Labour Research (March 2015)

Features

The real welfare beneficiaries

The government makes much of cutting welfare spending. What it is less vocal about is the corporate welfare that goes to businesses and individuals in the form of subsidies and tax breaks. Labour Research reports.

At the end of 2014, the government sent out personalised tax summaries to around 24 million taxpayers at a cost of £5 million.

The statements provide a breakdown of the amount of tax each person has paid, together with details of how the government spends this tax. And, according to examples released by the Treasury, the biggest chunk — around a quarter — is spent on “welfare”.

The government claims the statements “improve the transparency of the personal tax system, so that you know how much tax you pay, how it is calculated, and how the government spends it”.

But the statements are hugely misleading — the New Economics Foundation think tank says that over half of the so-called spending included in “welfare” goes on pensions (54%), while 27% goes on in-work benefits, 9% on support for sick and disabled people, 6% to parents and carers and a mere 3% on unemployment benefits.

£85 billion hidden spend on corporate welfare

Not only this, but the statements also provide little information about “corporate welfare” — the money the government gives to already wealthy businesses and individuals in the form of various subsidies, grants and tax breaks (not to mention information about the government’s failure to address the estimated £120 billion a year “tax gap” that results from tax avoidance, tax evasion and tax arrears).

The amount of taxes that go on “business and industry” is shown as a much thinner slice of the government spending pie. But senior lecturer in social policy at the University of York, Dr Kevin Farnsworth, estimates in a new report that corporate welfare costs Britain almost £85 billion a year — not far off the highly scrutinised £94 billion annual spend on working-age tax credits and social security.

And he told Labour Research that, in contrast with the huge amounts of research and data available on social welfare and its recipients: “Corporate welfare is under-researched and the data is largely hidden. Where it is not hidden, navigating the data is a complex and time-consuming task.

“As far as provision for individual companies is concerned, there are a huge number of barriers, from confidentiality to institutional complexity that gets in the way of disclosure.” he said.

Even if the government was transparent, he added, it would still underestimate the value of corporate welfare since it does not record such assistance in this way. “The government may, for instance, assist business through tax breaks, lower regulations, advice services, direct marketing, and insurance services etc.

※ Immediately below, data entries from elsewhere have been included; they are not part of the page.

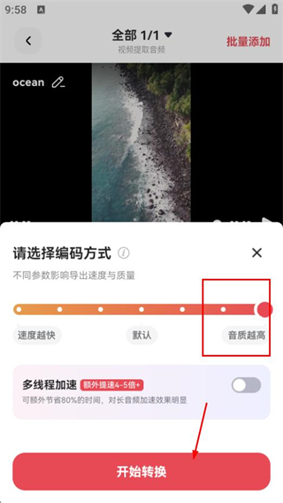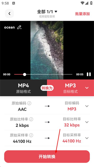 4、在该页面,选择编码方式后再次点击开始转换,即可开始提取视频中的音频。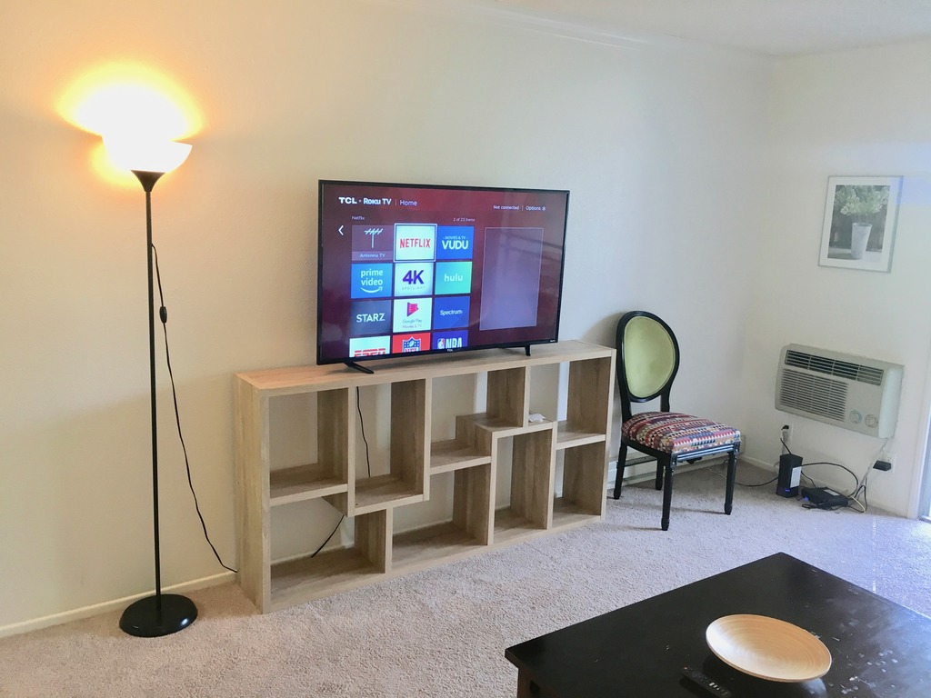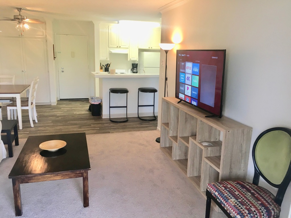 Full access to the wonderful amenities including fast WiFi, 1 parking, convenient laundry rooms, a great heated pool and two large hot tubs, gym, tennis courts, business center, movie room and more! Pet-friendly or pet-free options. One bedroom, one bath, queen size bed, on the 3rd floor. All of our furnished unis are comfortable, that is perfect for visiting executives, professors, students, vacationing couples or small families. And WE ALLOW PETS! We also have non pet units for those with pet allergies. There is a queen size bed in the bedroom and a fold out sofa in the living room so can accommodate up to 4 people. There is an amazing grounds with pools, hot tubs, a gym, lounge, movie room, tennis and basketball courts. |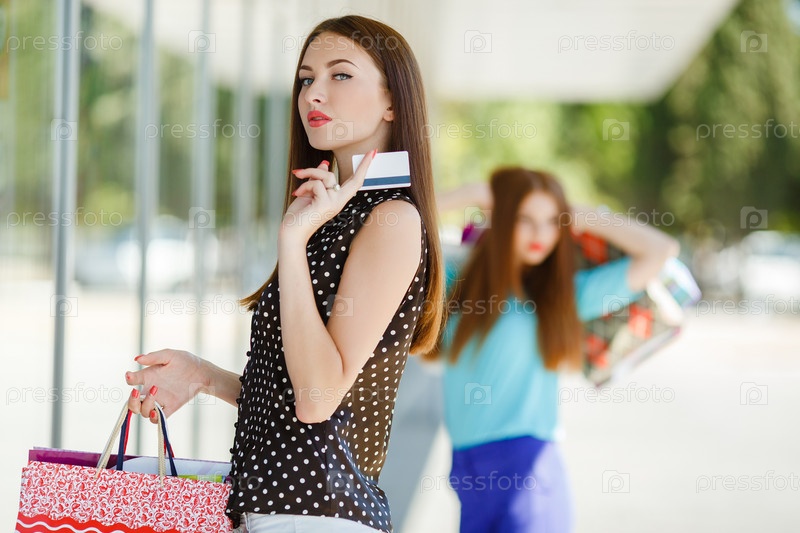 Две молодые женщины в торговом центре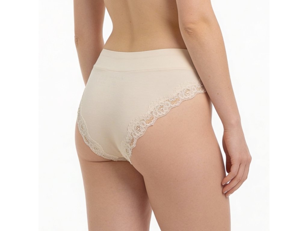 Krásné dámské brazilky značky Syvela ve světle tělové barvě s ozdobnou krajkou na zadním lemu. S vyšším sedem a výraznějším vykrojením poskytují mimořádné pohodlí. Ploché lemy se nezařezávají do kůže, což zvyšuje komfort nošení. Modalový materiál svou hladkostí a jemností připomíná hedvábí, zatímco lehká příměs elastanu zajišťuje skvělou pružnost a perfektní přizpůsobení tvaru postavy.

“And government also provides or subsidises a range of services that are essential for businesses from transport and wage subsidies to education and training. If we added up the costs of subsidies, grants and the various tax concessions provided to businesses alone, this would equate to around £85 billion in corporate welfare each year.”

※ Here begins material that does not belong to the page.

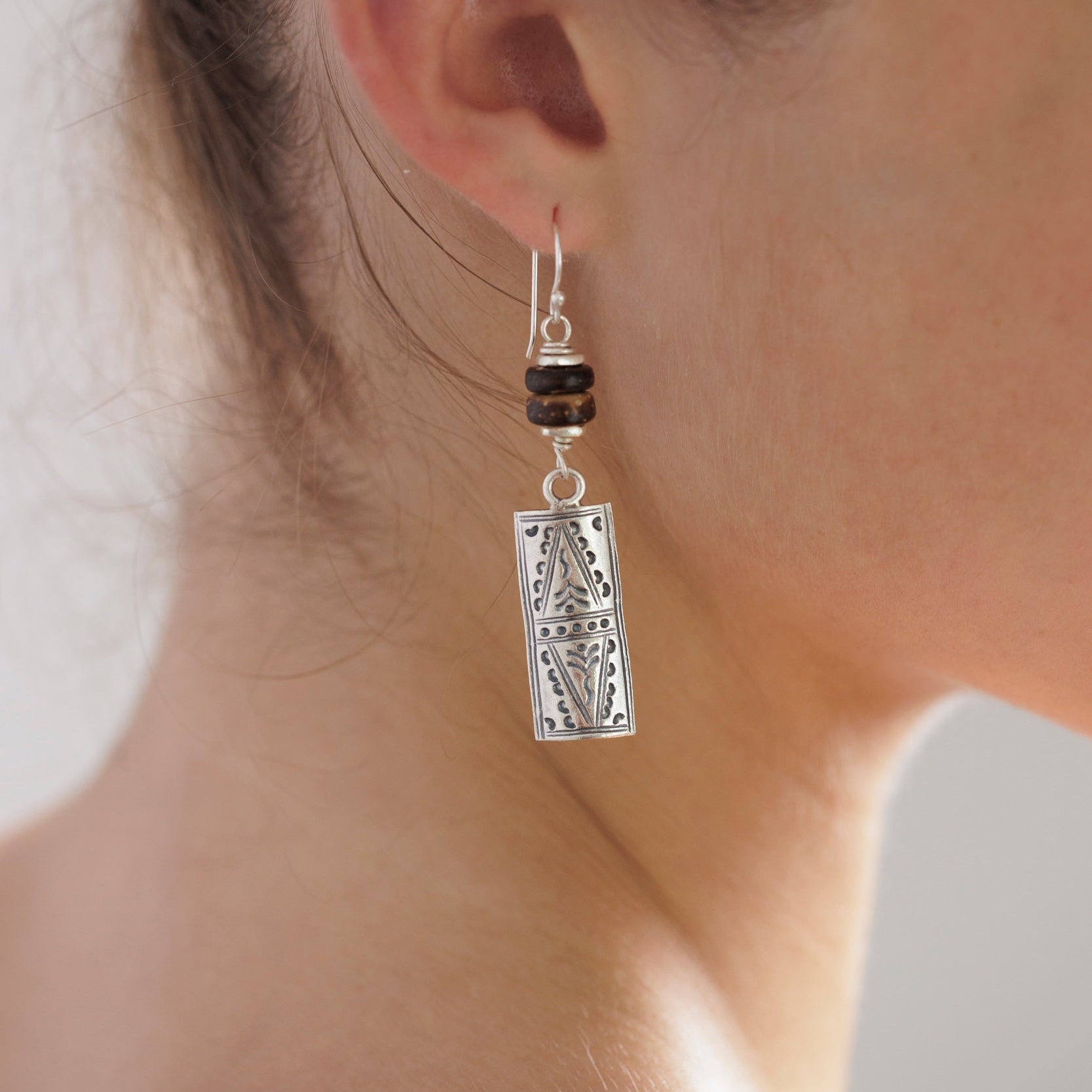 Earthy and elegant, the Forest Willow Drops are a tribute to nature’s quiet beauty. Crafted from Hill Tribe silver, each piece features a delicate hand-stamped design, paired with natural wooden beads for a warm, organic touch. Lightweight and effortless, these earrings bring a sense of grounding and connection to every wear—perfect for those who find beauty in simplicity.

On top of this figure come various other types of support, as well as the costs of bailing out the banks and other industries in recent years, which runs into hundreds of billions of pounds.

And while the coalition has announced billions of pounds of cuts to social welfare spending with billions more to come, Farnsworth’s 2014 paper, Public policies for private corporations: the British corporate welfare state, points to the government’s Public Expenditure Statistical Analysis (PESA) accounts which suggest that expenditure on subsidies and capital grants to private sector companies were set to grow from £13 billion in 2012-13 to £17 billion in 2014-15.

Who benefits?

The paper also gives examples of some of the beneficiaries of corporate welfare, including the online retail giant Amazon. It received a grant of £7.7 million in 2011 to support the building of a distribution centre in Fife.

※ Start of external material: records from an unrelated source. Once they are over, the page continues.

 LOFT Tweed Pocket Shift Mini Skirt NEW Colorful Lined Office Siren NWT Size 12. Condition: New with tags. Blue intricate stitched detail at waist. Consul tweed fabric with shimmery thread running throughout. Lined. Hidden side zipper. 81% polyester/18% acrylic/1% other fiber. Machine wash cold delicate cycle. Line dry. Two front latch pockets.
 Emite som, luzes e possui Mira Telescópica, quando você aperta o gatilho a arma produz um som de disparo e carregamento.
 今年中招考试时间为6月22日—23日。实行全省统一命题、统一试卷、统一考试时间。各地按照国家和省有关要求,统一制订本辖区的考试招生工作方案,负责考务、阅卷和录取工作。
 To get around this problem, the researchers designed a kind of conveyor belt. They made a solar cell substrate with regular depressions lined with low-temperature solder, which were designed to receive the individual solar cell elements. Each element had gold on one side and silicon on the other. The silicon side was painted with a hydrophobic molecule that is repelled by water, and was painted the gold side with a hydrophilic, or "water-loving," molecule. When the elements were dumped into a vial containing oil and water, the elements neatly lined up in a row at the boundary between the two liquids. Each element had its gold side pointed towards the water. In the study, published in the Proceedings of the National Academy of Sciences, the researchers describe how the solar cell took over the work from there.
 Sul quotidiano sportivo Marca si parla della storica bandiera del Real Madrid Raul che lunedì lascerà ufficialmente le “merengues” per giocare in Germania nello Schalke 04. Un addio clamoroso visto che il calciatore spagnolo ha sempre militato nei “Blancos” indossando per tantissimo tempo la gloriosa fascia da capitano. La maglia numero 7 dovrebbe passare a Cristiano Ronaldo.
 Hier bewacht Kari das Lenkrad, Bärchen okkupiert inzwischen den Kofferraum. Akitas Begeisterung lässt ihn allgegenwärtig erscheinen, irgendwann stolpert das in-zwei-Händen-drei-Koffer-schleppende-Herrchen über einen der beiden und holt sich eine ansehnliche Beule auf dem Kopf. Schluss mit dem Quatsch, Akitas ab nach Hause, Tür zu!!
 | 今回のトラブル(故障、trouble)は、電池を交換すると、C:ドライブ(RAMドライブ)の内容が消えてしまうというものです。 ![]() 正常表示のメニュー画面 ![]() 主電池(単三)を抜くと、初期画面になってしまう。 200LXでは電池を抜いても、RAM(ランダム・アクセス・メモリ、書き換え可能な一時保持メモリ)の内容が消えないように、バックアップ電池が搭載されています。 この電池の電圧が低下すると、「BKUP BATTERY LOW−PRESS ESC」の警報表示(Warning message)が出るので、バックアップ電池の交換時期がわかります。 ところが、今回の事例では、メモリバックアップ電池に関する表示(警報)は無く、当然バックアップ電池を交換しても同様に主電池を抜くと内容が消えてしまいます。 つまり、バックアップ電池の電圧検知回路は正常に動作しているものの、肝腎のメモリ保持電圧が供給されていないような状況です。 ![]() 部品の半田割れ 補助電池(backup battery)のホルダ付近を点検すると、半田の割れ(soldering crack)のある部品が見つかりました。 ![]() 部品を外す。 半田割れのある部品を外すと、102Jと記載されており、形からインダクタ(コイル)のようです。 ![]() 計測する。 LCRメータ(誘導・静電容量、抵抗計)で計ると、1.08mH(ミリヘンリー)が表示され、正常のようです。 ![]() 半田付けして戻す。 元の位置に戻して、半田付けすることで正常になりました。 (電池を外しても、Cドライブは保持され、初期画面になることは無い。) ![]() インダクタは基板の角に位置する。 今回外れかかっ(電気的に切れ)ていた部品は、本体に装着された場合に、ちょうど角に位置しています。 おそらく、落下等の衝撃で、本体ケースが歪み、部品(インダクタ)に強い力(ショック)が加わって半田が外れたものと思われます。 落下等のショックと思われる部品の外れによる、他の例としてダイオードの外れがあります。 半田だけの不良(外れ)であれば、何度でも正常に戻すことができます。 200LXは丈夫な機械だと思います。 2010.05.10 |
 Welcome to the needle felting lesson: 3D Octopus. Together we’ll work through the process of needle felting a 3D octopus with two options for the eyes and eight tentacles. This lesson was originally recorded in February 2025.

It had already received an £8.8 billion Regional Selective Assistance grant from the Welsh Assembly for a distribution centre in Crymlyn Burrows in 2007. And the Welsh Assembly also built the Ffordd Amazon Road (completed in 2012) to link the distribution centre with other road networks at a cost of £3 million.

Amazon founder and chief executive, Jeff Bezos, reportedly received $1.68 million in total pay in 2012 and was last year reported to be the world’s 20th-richest person with a net worth of $30.3 billion, according to the Bloomberg Billionaires’ Index.

In a 2014 article on the Huffington Post website, We can’t afford corporate welfare, professor of accounting and director of the Centre for Global Accountability at the University of Essex, Prem Sikka, provided more examples of corporate welfare beneficiaries.

Sikka reported that these include BT, which has an annual turnover of £18 billion and profits of £2.5 billion, but received a government subsidy of £1.2 billion to install broadband for rural areas. It will keep the assets and the revenues generated by the subsidy.

And energy company EDF and its partners received a £17.6 billion subsidy for building a nuclear power plant, even though the investment is projected to provide a return of up to 21%.

Thanks to the Private Finance Initiative (PFI), the UK government is committed to repaying £301 billion over the next 25 years. This makes for a guaranteed profit of £247 billion for the companies that have borrowed money to build schools, hospitals, roads and other infrastructure under the PFI and then lease these back to the government.

Meanwhile, the banks have received some £976 billion of loans, guarantees and other forms of support and a further £375 billion under the Bank of England’s quantitative easing programme.

The railway industry has benefited to the tune of over £60 billion in subsidies since it was privatised in 1996 — with more on the way through the Crossrail and HS2 projects. In 2012-13 alone, according to the TUC and rail union-led Action for Rail campaign, train operating companies collectively received £1.3 billion in direct subsidies through franchise receipts and a further £3.9 billion in indirect subsidies through investment in Network Rail services.

In return, train operating companies paid back just £1.2 billion in franchise payments to the government, but they took £172 million in profits and paid out £204 million in dividends to shareholders.

State-subsidised low pay

The GMB general union highlights two particular areas of corporate welfare: the “hidden wage subsidy” paid to low-paying employers, and the huge and escalating sums of housing benefit being paid out to private landlords.

In its 2014 report, How unions can make work pay, produced in association with the think tank Centre for Labour and Social Studies, the union estimates that low-paying employers are being subsidised to the tune of £4 an hour for every worker being paid the National Minimum Wage (NMW).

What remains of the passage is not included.